**Data for processing**
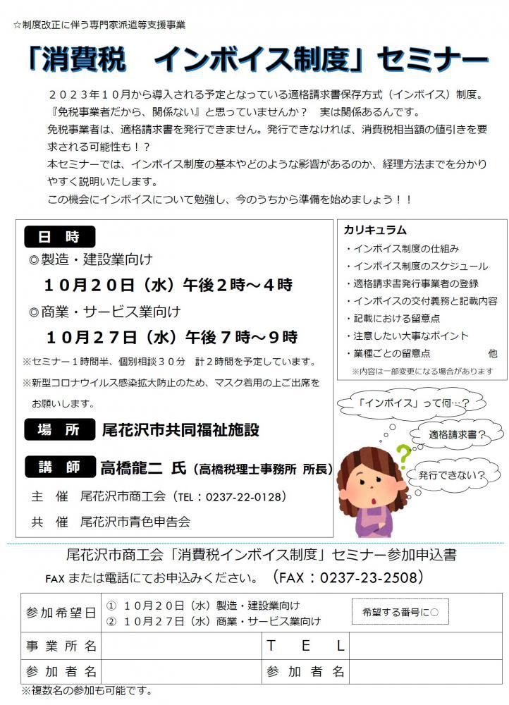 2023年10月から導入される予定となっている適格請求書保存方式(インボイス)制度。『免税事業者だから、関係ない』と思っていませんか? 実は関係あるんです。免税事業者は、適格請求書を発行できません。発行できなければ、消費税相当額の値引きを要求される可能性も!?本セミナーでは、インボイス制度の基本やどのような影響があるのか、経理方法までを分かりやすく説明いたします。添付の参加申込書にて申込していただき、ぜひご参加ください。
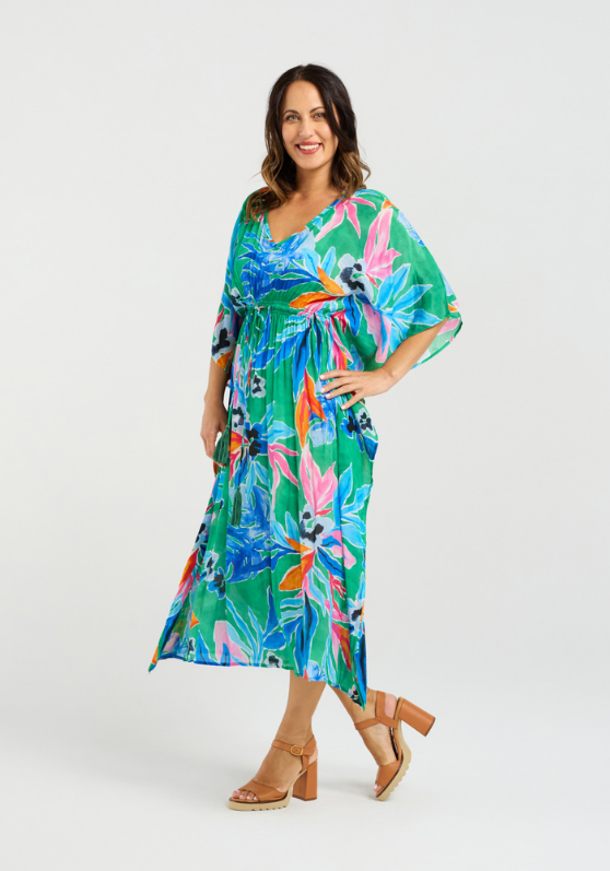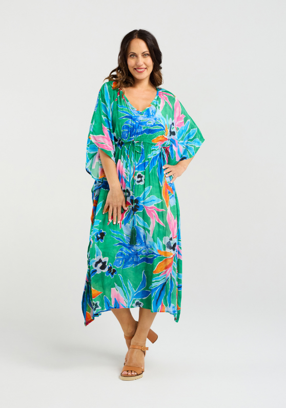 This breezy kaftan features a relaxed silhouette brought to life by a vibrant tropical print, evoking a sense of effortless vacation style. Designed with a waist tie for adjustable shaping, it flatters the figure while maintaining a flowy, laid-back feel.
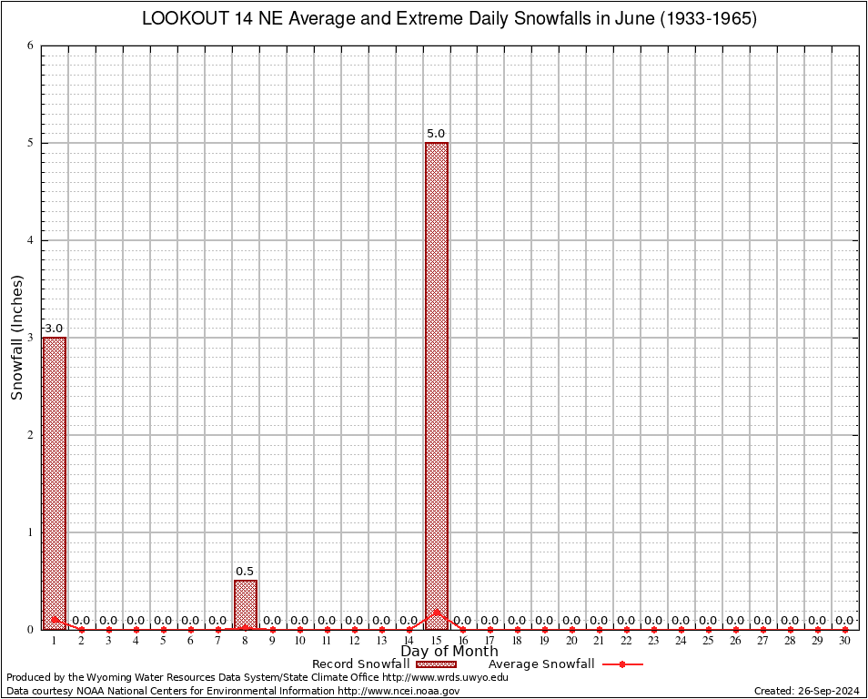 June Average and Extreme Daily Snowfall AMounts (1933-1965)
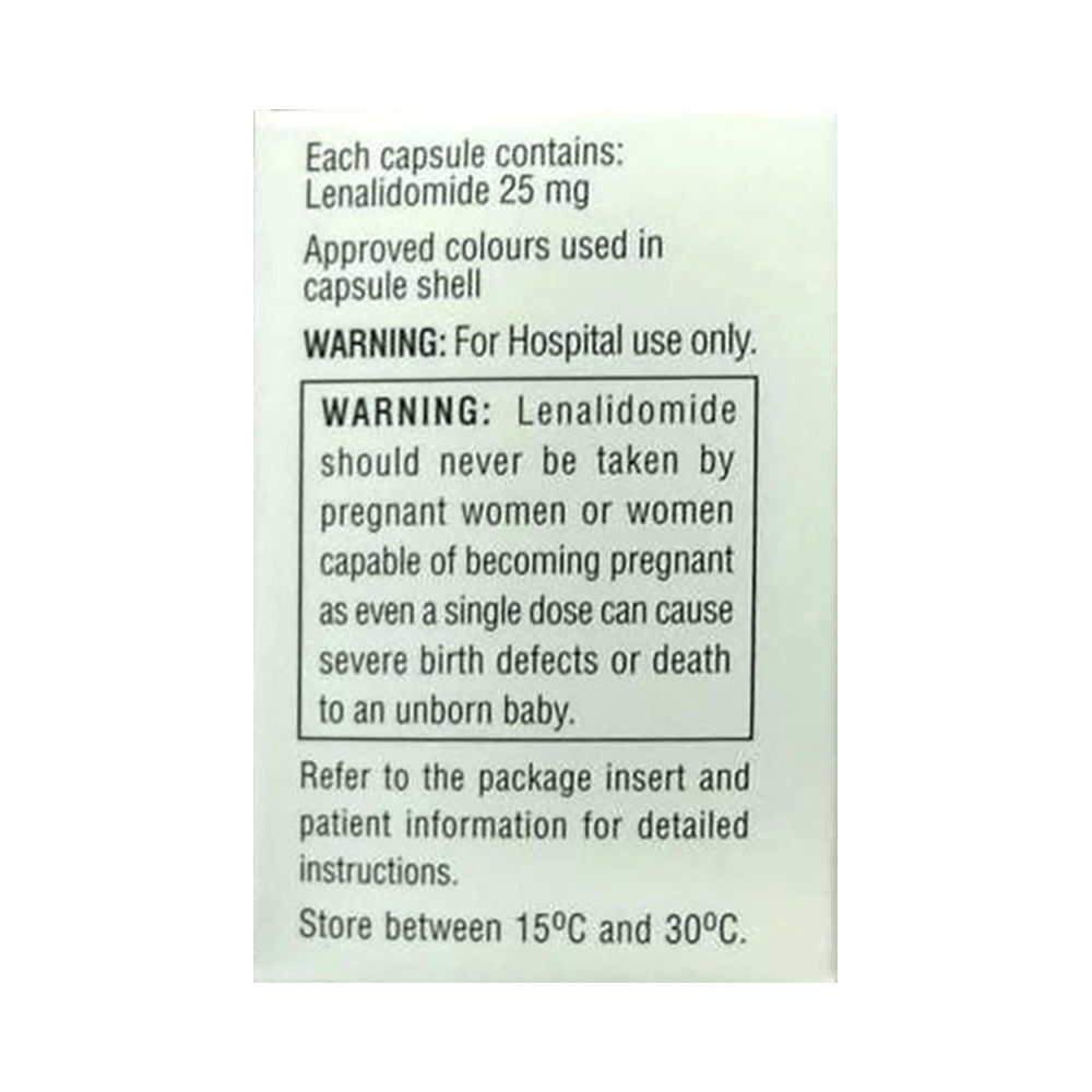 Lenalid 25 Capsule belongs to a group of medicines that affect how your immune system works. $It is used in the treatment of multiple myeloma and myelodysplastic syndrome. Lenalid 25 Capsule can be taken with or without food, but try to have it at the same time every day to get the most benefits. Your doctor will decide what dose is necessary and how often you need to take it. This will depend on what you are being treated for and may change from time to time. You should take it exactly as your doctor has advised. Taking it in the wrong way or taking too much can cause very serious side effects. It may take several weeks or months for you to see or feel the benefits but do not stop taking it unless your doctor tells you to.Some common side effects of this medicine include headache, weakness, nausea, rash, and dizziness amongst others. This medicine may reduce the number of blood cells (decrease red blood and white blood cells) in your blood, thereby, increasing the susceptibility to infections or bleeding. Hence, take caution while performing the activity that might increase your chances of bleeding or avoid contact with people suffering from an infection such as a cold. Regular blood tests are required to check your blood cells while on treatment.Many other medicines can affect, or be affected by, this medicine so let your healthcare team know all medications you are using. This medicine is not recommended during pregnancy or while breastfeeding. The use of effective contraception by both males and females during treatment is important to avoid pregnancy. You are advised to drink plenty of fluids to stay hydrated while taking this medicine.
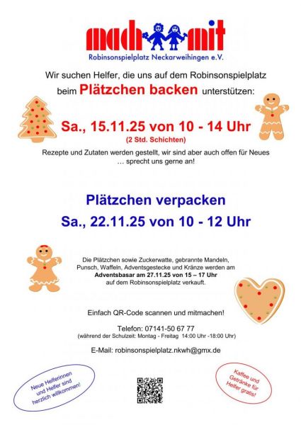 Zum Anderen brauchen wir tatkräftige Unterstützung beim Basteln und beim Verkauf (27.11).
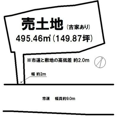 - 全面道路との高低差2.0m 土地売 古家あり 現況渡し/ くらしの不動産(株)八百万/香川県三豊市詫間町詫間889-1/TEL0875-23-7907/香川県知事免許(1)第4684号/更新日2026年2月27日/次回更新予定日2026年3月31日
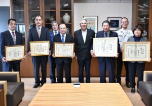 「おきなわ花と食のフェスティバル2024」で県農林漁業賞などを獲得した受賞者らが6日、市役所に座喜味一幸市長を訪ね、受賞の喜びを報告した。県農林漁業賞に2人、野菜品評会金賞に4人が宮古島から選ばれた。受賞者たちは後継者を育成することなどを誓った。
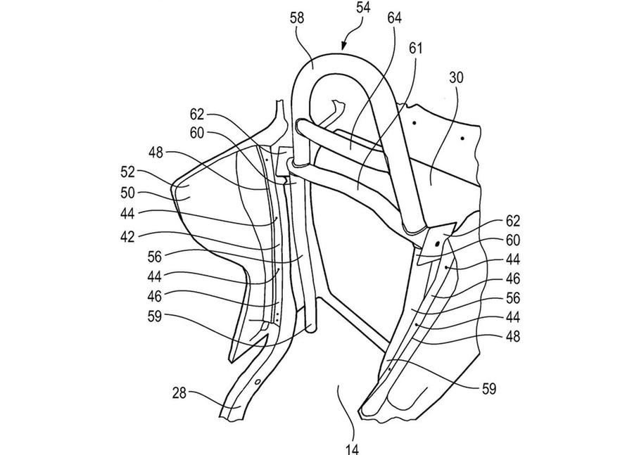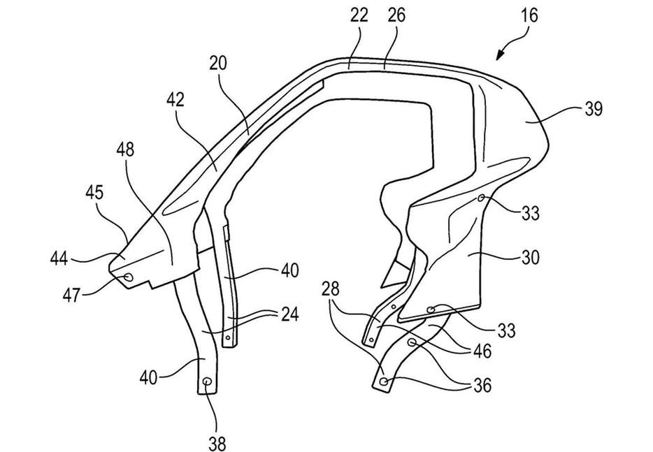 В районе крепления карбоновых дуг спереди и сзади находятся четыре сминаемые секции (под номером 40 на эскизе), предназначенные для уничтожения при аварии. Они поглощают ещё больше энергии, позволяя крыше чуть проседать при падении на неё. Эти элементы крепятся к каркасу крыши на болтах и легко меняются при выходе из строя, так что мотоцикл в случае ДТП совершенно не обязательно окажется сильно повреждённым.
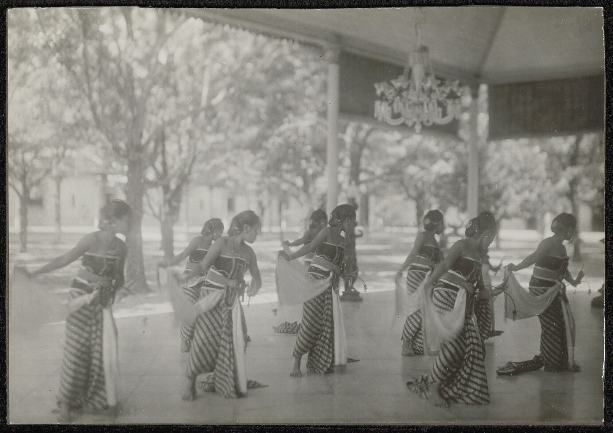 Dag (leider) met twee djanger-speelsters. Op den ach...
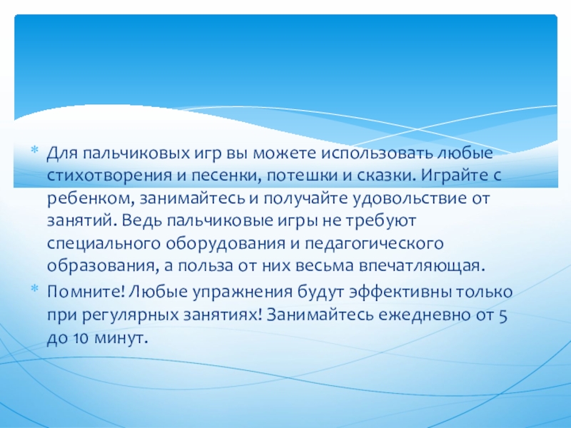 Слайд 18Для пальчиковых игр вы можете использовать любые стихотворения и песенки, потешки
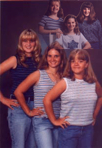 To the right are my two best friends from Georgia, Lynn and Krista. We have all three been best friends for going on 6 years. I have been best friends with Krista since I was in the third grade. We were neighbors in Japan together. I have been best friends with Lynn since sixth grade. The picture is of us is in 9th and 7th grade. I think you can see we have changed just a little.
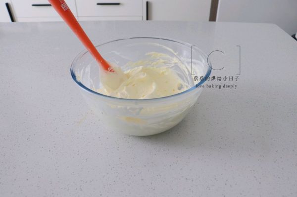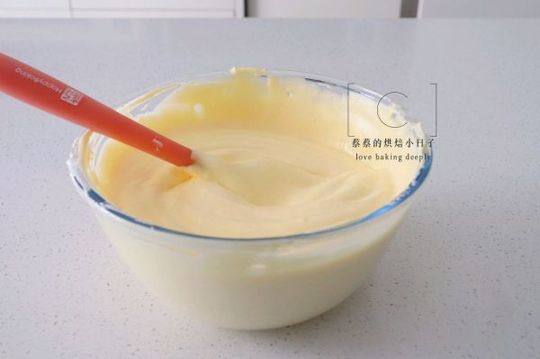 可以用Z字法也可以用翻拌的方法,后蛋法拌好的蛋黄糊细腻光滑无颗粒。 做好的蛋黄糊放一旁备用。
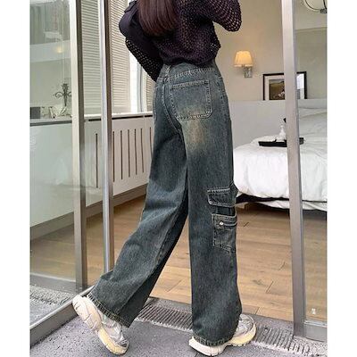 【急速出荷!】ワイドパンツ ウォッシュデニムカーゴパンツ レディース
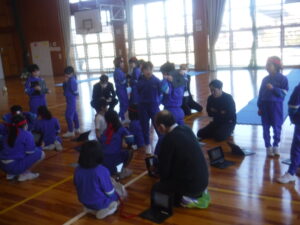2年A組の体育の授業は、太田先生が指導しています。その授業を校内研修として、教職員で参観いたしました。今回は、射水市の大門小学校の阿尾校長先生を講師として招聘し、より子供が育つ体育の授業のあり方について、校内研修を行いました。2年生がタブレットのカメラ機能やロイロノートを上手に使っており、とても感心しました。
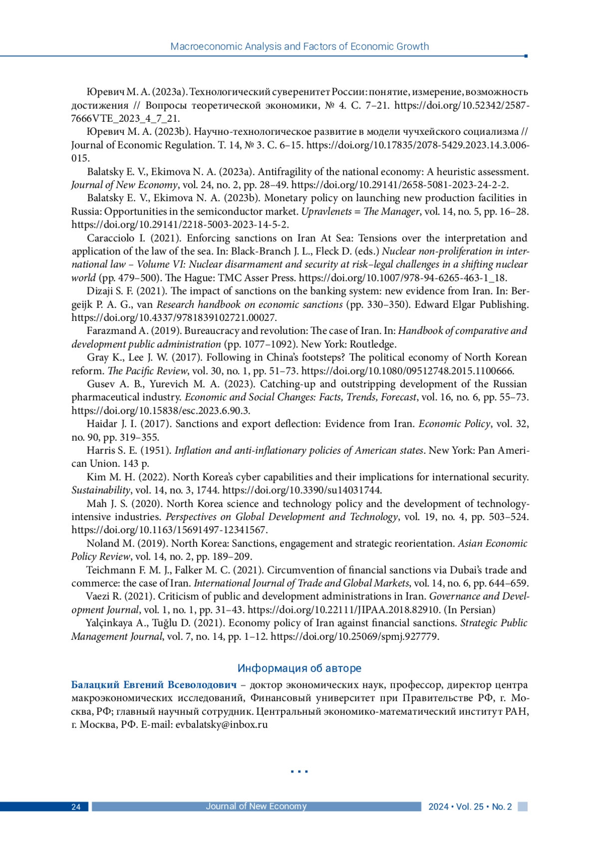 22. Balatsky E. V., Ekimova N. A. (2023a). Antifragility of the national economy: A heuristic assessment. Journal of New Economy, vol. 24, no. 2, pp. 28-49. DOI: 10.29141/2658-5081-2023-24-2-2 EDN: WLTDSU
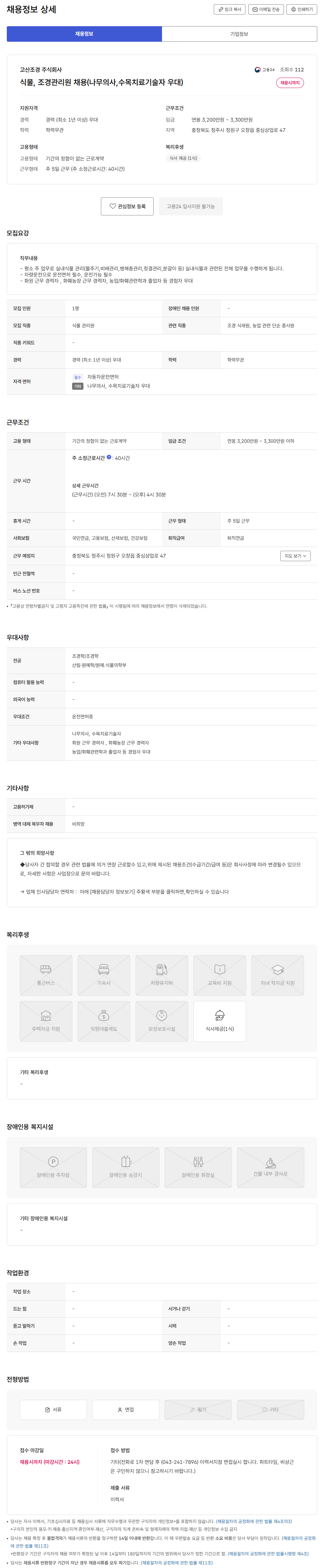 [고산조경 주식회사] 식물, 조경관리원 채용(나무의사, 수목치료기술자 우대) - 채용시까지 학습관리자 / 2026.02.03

**Task**
Pictures don't belong in the copy. Restate all the entries exactly.

**Answer box**
 2023年10月から導入される予定となっている適格請求書保存方式(インボイス)制度。『免税事業者だから、関係ない』と思っていませんか? 実は関係あるんです。免税事業者は、適格請求書を発行できません。発行できなければ、消費税相当額の値引きを要求される可能性も!?本セミナーでは、インボイス制度の基本やどのような影響があるのか、経理方法までを分かりやすく説明いたします。添付の参加申込書にて申込していただき、ぜひご参加ください。
 This breezy kaftan features a relaxed silhouette brought to life by a vibrant tropical print, evoking a sense of effortless vacation style. Designed with a waist tie for adjustable shaping, it flatters the figure while maintaining a flowy, laid-back feel.
 June Average and Extreme Daily Snowfall AMounts (1933-1965)
 Lenalid 25 Capsule belongs to a group of medicines that affect how your immune system works. $It is used in the treatment of multiple myeloma and myelodysplastic syndrome. Lenalid 25 Capsule can be taken with or without food, but try to have it at the same time every day to get the most benefits. Your doctor will decide what dose is necessary and how often you need to take it. This will depend on what you are being treated for and may change from time to time. You should take it exactly as your doctor has advised. Taking it in the wrong way or taking too much can cause very serious side effects. It may take several weeks or months for you to see or feel the benefits but do not stop taking it unless your doctor tells you to.Some common side effects of this medicine include headache, weakness, nausea, rash, and dizziness amongst others. This medicine may reduce the number of blood cells (decrease red blood and white blood cells) in your blood, thereby, increasing the susceptibility to infections or bleeding. Hence, take caution while performing the activity that might increase your chances of bleeding or avoid contact with people suffering from an infection such as a cold. Regular blood tests are required to check your blood cells while on treatment.Many other medicines can affect, or be affected by, this medicine so let your healthcare team know all medications you are using. This medicine is not recommended during pregnancy or while breastfeeding. The use of effective contraception by both males and females during treatment is important to avoid pregnancy. You are advised to drink plenty of fluids to stay hydrated while taking this medicine.
 Zum Anderen brauchen wir tatkräftige Unterstützung beim Basteln und beim Verkauf (27.11).
 - 全面道路との高低差2.0m 土地売 古家あり 現況渡し/ くらしの不動産(株)八百万/香川県三豊市詫間町詫間889-1/TEL0875-23-7907/香川県知事免許(1)第4684号/更新日2026年2月27日/次回更新予定日2026年3月31日
 「おきなわ花と食のフェスティバル2024」で県農林漁業賞などを獲得した受賞者らが6日、市役所に座喜味一幸市長を訪ね、受賞の喜びを報告した。県農林漁業賞に2人、野菜品評会金賞に4人が宮古島から選ばれた。受賞者たちは後継者を育成することなどを誓った。
 В районе крепления карбоновых дуг спереди и сзади находятся четыре сминаемые секции (под номером 40 на эскизе), предназначенные для уничтожения при аварии. Они поглощают ещё больше энергии, позволяя крыше чуть проседать при падении на неё. Эти элементы крепятся к каркасу крыши на болтах и легко меняются при выходе из строя, так что мотоцикл в случае ДТП совершенно не обязательно окажется сильно повреждённым.
 Dag (leider) met twee djanger-speelsters. Op den ach...
 Слайд 18Для пальчиковых игр вы можете использовать любые стихотворения и песенки, потешки
 To the right are my two best friends from Georgia, Lynn and Krista. We have all three been best friends for going on 6 years. I have been best friends with Krista since I was in the third grade. We were neighbors in Japan together. I have been best friends with Lynn since sixth grade. The picture is of us is in 9th and 7th grade. I think you can see we have changed just a little.
 可以用Z字法也可以用翻拌的方法,后蛋法拌好的蛋黄糊细腻光滑无颗粒。 做好的蛋黄糊放一旁备用。
 【急速出荷!】ワイドパンツ ウォッシュデニムカーゴパンツ レディース
2年A組の体育の授業は、太田先生が指導しています。その授業を校内研修として、教職員で参観いたしました。今回は、射水市の大門小学校の阿尾校長先生を講師として招聘し、より子供が育つ体育の授業のあり方について、校内研修を行いました。2年生がタブレットのカメラ機能やロイロノートを上手に使っており、とても感心しました。
 22. Balatsky E. V., Ekimova N. A. (2023a). Antifragility of the national economy: A heuristic assessment. Journal of New Economy, vol. 24, no. 2, pp. 28-49. DOI: 10.29141/2658-5081-2023-24-2-2 EDN: WLTDSU
 [고산조경 주식회사] 식물, 조경관리원 채용(나무의사, 수목치료기술자 우대) - 채용시까지 학습관리자 / 2026.02.03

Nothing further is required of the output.